Your task. Keeping pictures out, repeat the lines of the listing below exactly, starting at its first line and finishing with the one that holds "Երևանում բախվել են".

Recorded information.

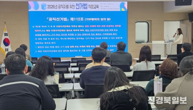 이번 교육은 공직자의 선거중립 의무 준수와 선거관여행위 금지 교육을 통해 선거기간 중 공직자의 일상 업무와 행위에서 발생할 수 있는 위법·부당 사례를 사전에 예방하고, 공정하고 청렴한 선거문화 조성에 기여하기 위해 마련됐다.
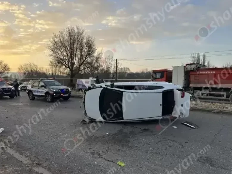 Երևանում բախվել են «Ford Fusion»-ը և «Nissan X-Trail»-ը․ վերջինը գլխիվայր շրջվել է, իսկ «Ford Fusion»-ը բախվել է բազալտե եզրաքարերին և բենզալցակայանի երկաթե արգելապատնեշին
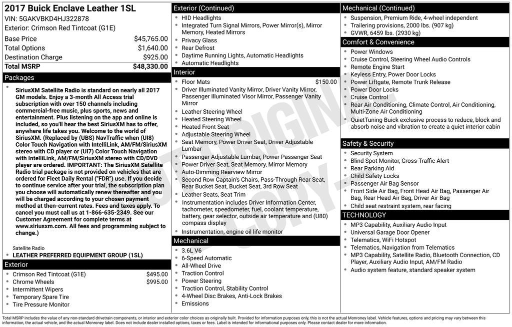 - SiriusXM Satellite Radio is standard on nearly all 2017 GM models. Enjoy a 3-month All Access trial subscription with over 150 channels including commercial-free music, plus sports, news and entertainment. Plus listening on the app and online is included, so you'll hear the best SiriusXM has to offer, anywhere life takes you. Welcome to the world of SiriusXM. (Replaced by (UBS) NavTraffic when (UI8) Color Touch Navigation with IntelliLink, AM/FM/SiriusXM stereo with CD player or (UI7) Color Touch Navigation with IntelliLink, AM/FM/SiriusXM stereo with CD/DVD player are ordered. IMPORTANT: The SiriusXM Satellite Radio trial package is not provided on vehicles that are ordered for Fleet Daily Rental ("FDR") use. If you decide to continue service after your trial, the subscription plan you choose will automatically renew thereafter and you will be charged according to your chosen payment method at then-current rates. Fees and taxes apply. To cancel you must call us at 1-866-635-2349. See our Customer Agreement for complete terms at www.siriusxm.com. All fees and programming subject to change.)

Output below.
 이번 교육은 공직자의 선거중립 의무 준수와 선거관여행위 금지 교육을 통해 선거기간 중 공직자의 일상 업무와 행위에서 발생할 수 있는 위법·부당 사례를 사전에 예방하고, 공정하고 청렴한 선거문화 조성에 기여하기 위해 마련됐다.
 Երևանում բախվել են «Ford Fusion»-ը և «Nissan X-Trail»-ը․ վերջինը գլխիվայր շրջվել է, իսկ «Ford Fusion»-ը բախվել է բազալտե եզրաքարերին և բենզալցակայանի երկաթե արգելապատնեշին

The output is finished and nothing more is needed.